В очередь мчали лёгкие саночки, где сидела счастливая, закутанная Ишутка. Берегла гостинчики, чехол с гуслями.
Светел бежал по свежей лыжни́це, предвкушал, улыбался и… сам себе казался воришкой. Ну, может, не воришкой, но большекромом – уж точно. Тем, кто без смущения хватает лакомый кус, тянет в рот.
«Мог ещё лапки заплесть… теснинки париться уложить… А как они без меня Зыку через порог?..»
Не с такими бы мыслями на весёлую беседу спешить.
– Опёнок! Слышь, Светел! Что присмирел?
– Наш Опёнок долго молчит, потом гуселишки ка-ак вытащит…
– У иных по одному голосу, у него – сам-десятый!
– А шапку снимет, сразу светло.
«Зыка… Ничего! Ещё поднимется старичок…»
– Когда наши последний раз со своим гусляром выбирались?
– Когда, когда… При отцах ещё.
– Держись, зарогожники! Солнышко припомним! Знай Твёржу!
Светел делал усилие, отодвигал домашнюю печаль. На смену тотчас являлась другая. О голосе-корябке, руках-сковородниках. Которым дрова колоть, а не струны без толку мучить.
«Начну гудить, засмеют… Всю Твёржу со мной…»
Хотелось немедля остановиться, раскрыть чехолок, ещё раз проверить заготовленный наигрыш. И проверил бы, но бежали холмами, через самый мороз. Лыжи свистели по ледяному черепу, по отличному взъёму, зато даже в меховых личинах было не жарко. Начни играть, струн до места не донесёшь.
Вот когда засмеют.
– У Пеньков Зыка заплошал. Худо есть стал.
– В избу взяли, вона как.
«А я веселиться иду!..»
– Крепкий Зыка, полежит, встанет.
– Эй, Опёнок! Как он, дочек признал или мужевать лезет?
– Куда там лезть ещё, сосунки!
Ночь стояла светлая, серебристая. Размазанный пуховик зеленца обнимал песчаную косу, делившую мелководное озеро. Под пологом тумана мерцали тёплые звёздочки. Огоньки двигались, с разных сторон тянулись к большому овину, откупленному для посиделок. Это собирались местничи. Над овином поднимался дымок: девки наверняка уже сидели внутри. Ценовали плющеные стебли, делали вид, будто лишь о материных уроках и думают.
Раньше кругом шелестели зелёные плавни, давшие прозванье деревне. Трестняк и теперь умудрялся выпускать стебли. Хилые против прежних, но на рогожи годились. А рогожа всякому в хозяйстве нужна. Оттого Затресье жило припеваючи. Большими ложками хлебало кулеш из болотных корней с гусиными шкварками. Шумно выезжало на купилище в Торожиху. Взыскательно косилось на пришлых парней, увивавшихся за румяными ткахами.
Знамо дело, отвернись, тут и увезут в нищую дыру вроде Твёржи.

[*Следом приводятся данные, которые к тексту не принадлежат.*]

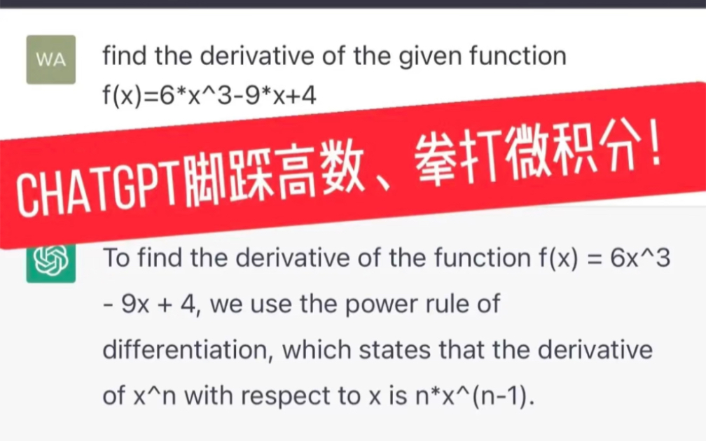 微积分一直是大家的数学噩梦,大家遇到不会的题除了问老师或者学霸也没有其他办法。而且标准答案一般只给个最后的结果,没有任何过程。之前所有的软件也都只能给一个最终答案,都没法给任何过程ߥ� 那么有没有一个软件可以给出详细的计算过程,理论依据和完全正确的答案呢?ߒ� ✅chatgpt来脚踩高等数学‼️ 如图,前两张是微分,后三张是积分。而且都是比较复杂的困难题目。办法也很简单,把题目直接输入ChatGPT就可以ߤ� 但是注意公式需要输入正确⚠️ 比如次方、括号、加减乘除需要输入对。 然后就可以观看chatGPT脚踩高等数学了ߘ� 理论依据、每一步过程、完整答案。思路清晰、公式正确、回答完整。 你是用来答题也好,用来学习难题也好,都是万能小帮手✅✅ chatGPT真的可以革命教育,不开玩笑ߔ�ߔ� #chatgpt[话题]# #CHATgpt[话题]# #chatGPT[话题]# #ChatGPT[话题]# #CHATGPT[话题]# #Chatgpt[话题]# #ChatGpt[话题]# #chatGPT日常[话题]# #chatgpt技巧[话题]# #ChatGPT玩法[话题]# #高数辅导[话题]# #高数二[话题]# #chatgpt杀手[话题]# #chatgpt[话题]# #高等数学[话题]# #高等数学二[话题]# #考研高等数学[话题]# #高等数学学习笔记[话题]# #专升本高等数学[话题]# #大一高等数学[话题]# #高等数学微课[话题]# #物理[话题]# #高中物理[话题]# #高中物理怎么学[话题]# #高中物理笔记[话题]# #高中物理题型[话题]# #考研高数[话题]# #考试[话题]##物理考试[话题]# #数学考试[话题]# #高中数学[话题]# #高数[话题]# #高中数学题型与技巧[话题]# #高中物理笔记[话题]# #高中数学题型与技巧[话题]# #高中考试[话题]# #高考[话题]# #微积分[话题]# #高考数学[话题]# #高考物理[话题]# #致高考[话题]##数学[话题]# #考研数学[话题]# #数学思维[话题]# #高中数学[话题]# #数学启蒙[话题]# #高数笔记[话题]# #我的考研[话题]# #23考研[话题]# #专升本高数[话题]#

Гарко, старший внук большака Шабарши и ватажок в этом походе, первым сдёрнул надоевшую харю, оттолкнулся, с воплем ухнул вниз по заснеженной крутизне. Парни заулюлюкали, засвистели, посыпались следом. Взвизгнула на санках Ишутка.
Сейчас в тепло! В доброе насиженное тепло, звенящее девичьим смехом, напоённое запахами угощенья…
…Какое! Вынырнув из тумана, твёржинские натолкнулись на крепкую стайку местничей. Парни загодя выстроились стеной, спрятали за широкими спинами своего гусляра.
Светел пригляделся к ватажку затресских, узнал, обрадовался:
– За́рничек! Я тебе лапки привёз.
Тот лишь вскинул голову, надменно изломил бровь. Дружеский разговор будет после. Когда уймут кровушку из «подрумяненных» в честной сшибке носов, разыщут все шапки, отдадут девкам пришивать оторванные рукава.
За надёжными плечами знай пробовали голоса струны. Затресский гусляр Не́быш подкрутил последний шпенёк, покрепче притопнул, ударил сверху вниз кусочком плотной берёсты.
Отвечай при всём народе,
Из какой такой глуши
Люд разбойный ходит, бродит,
Всех гусей располошил?
Светел торопливо встряхнул берестяной чехолок, вынул гусельки, что хаживали по беседам ещё с молодым дедушкой Корнем… подпрыгнул, чтобы притоп вышел весомей, чем у соперника.
Про честну́ю про беседу
Нам напели снегири.
Мы пришли друзей проведать,
Девкам прянички дарить!
Созвучья красного склада он заготовил ещё дома. С какими трудами – лучше не поминать. От самой Твёржи вместе с наигрышем повторял. Теперь ему и слова, и бисерные раскаты струн казались неуклюжими, скучными, одной рукой отмахнуться. Ну, куда денешься, других всё равно не принёс.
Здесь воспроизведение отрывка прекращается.